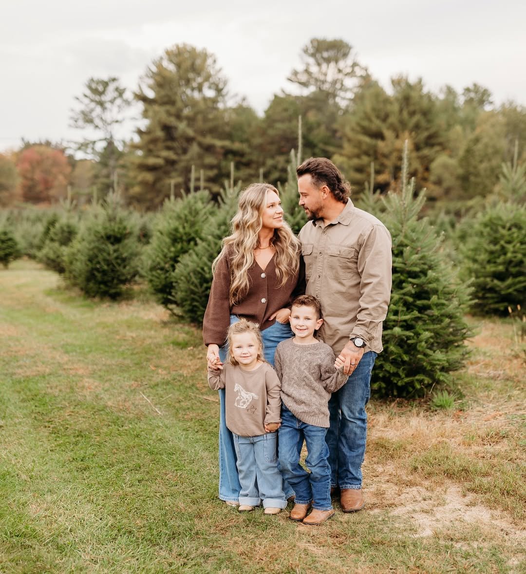 Soft browns, muted greens, and relaxed denim are basically made for a tree farm backdrop. The tones feel organic and grounded, blending seamlessly with the landscape.
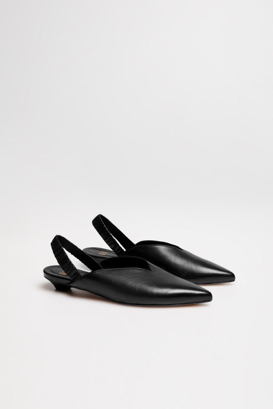 Model typu slingback na nízkém podpatku. Vyrobeny z měkké přírodní kozí a ovčí kůže v černé barvě. Charakteristická mandlová špička a elastický pásek. Ručně vyrobené v italské manufaktuře.
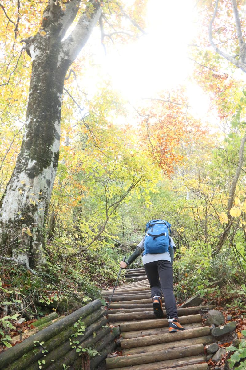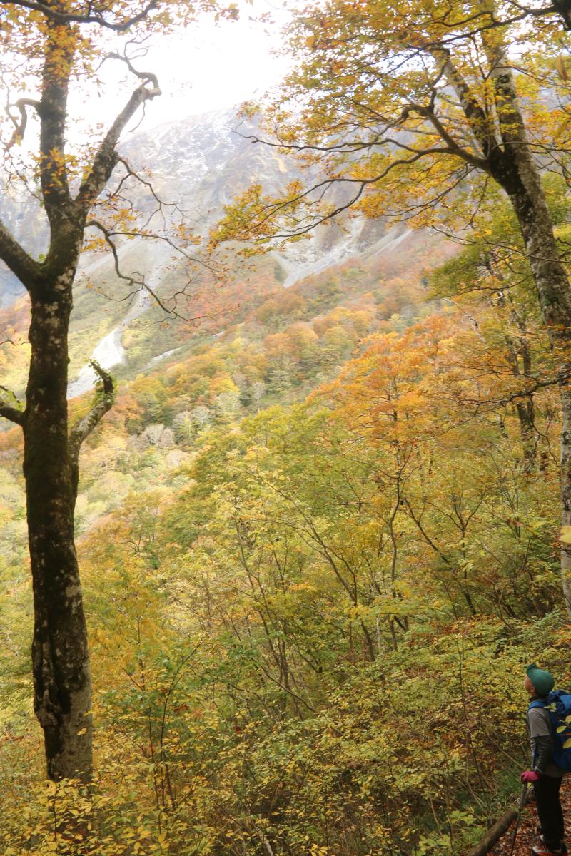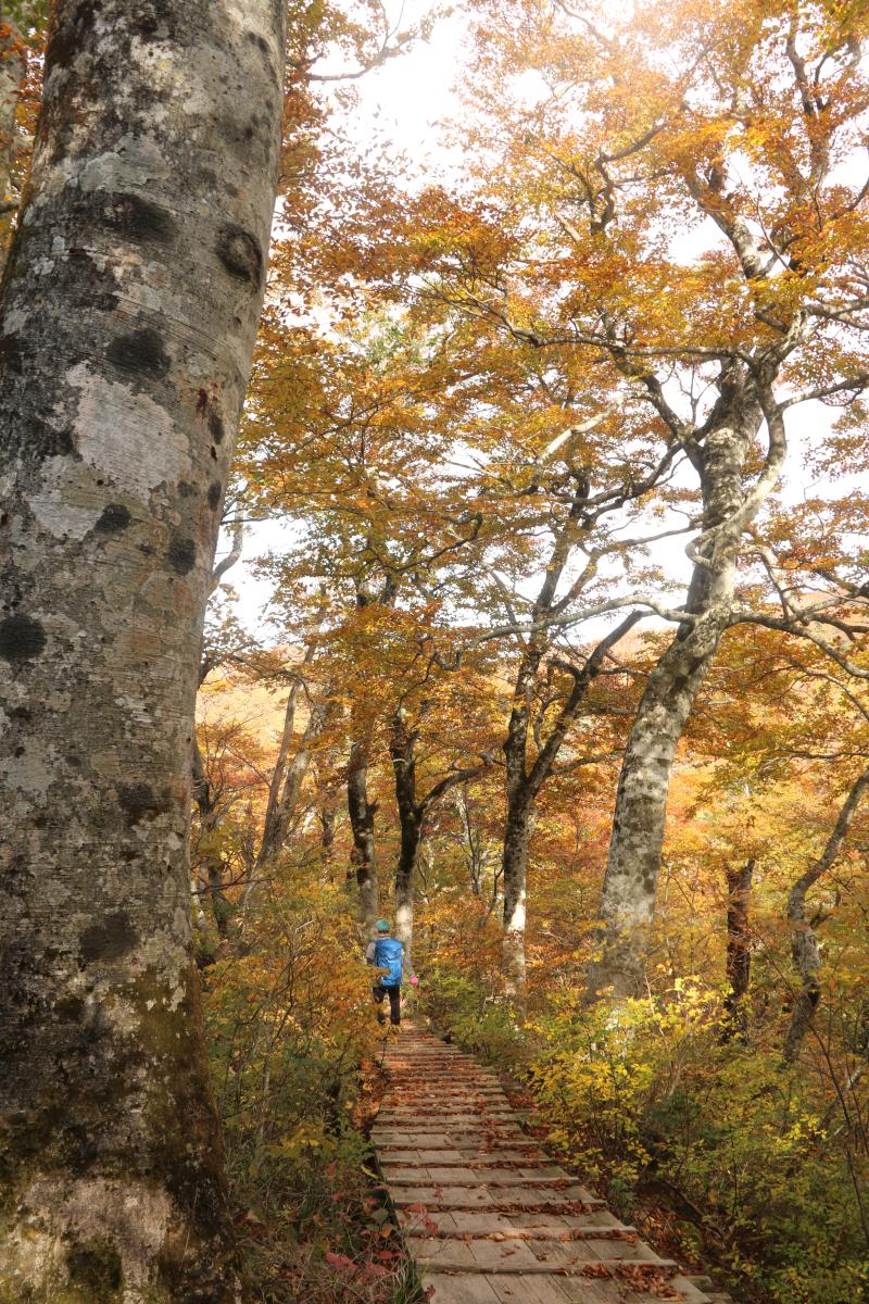 ブナの黄葉はまだ始まったばかりです。朝はまだガスっていて

* _What to produce_
Leave out the pictures, and write out exactly the lines from the one containing "Model typu slingback" through the last line of the listing, both included.

* _Expected output_
 Model typu slingback na nízkém podpatku. Vyrobeny z měkké přírodní kozí a ovčí kůže v černé barvě. Charakteristická mandlová špička a elastický pásek. Ručně vyrobené v italské manufaktuře.
 ブナの黄葉はまだ始まったばかりです。朝はまだガスっていて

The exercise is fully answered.